El Artículo 71 de la Constitución Política de Guatemala reza: “Es obligación del Estado proporcionar y facilitar educación a sus habitantes sin discriminación alguna”.

El artículo 1 de Ley de Educación Nacional, Decreto No. 12-91 enumera los siguientes principios de la educación: a) Es un derecho inherente a la persona humana o una obligación del Estado. b) Respeto a la dignidad de la persona humana y el cumplimiento efectivo de los Derechos Humanos. c) Tener al educando como centro y sujeto del proceso educativo. d) Orientada al desarrollo y perfeccionamiento integral del ser humano a través de un proceso permanente, gradual y progresivo. e) Es un instrumento que coadyuva a la conformación de una sociedad justa y democrática. f) Se define y realiza en un entorno multilingüe, multiétnico, y pluricultural en función de las comunidades que la conforman. g) Es un proceso científico, humanístico, dinámico, participativo y transformativo.

Estos principios deben ser llevados en el bolsillo de quienes laboran en todos los niveles educativos. Es cierto que es un derecho inherente, y que el Estado tiene la obligación de brindarla, pero del “dicho al hecho hay mucho trecho”. La dignidad de los educandos no siempre se respeta, porque se viola continuamente.

En algunos lugares de Guatemala (como en la Libertad, Huehuetenango), parece que lo que dice la Constitución y la Ley de Educación Nacional no cuenta para quienes se dedican a la formación de los niños. Para algunos dirigentes magisteriales, prevalecen más sus propios intereses que los de miles de niños que desde hace semanas no están recibiendo clases.

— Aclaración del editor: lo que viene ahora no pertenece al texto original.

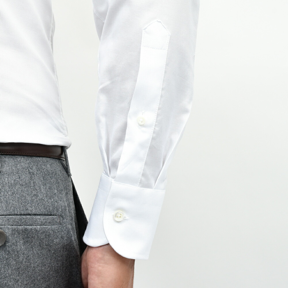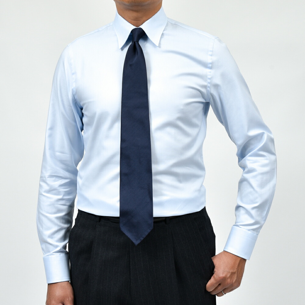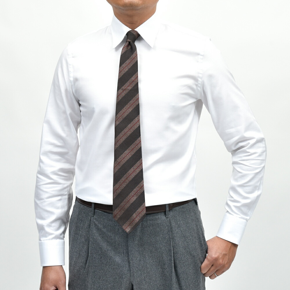 レギュラーカラーはタイドアップした際のVゾーンをすっきり見せ、控えめながらも知的な印象を演出してくれます。

San Juan Bosco decía: “el que no ama no educa, porque la educación es cuestión del corazón”. El verdadero educador debe trabajar por amor, no por dinero. Dios ha puesto en sus manos la vida de muchos niños para que la transformen; pero no lo logrará, si se deja manipular por quienes no tienen ningún interés de sacar del subdesarrollo a Guatemala.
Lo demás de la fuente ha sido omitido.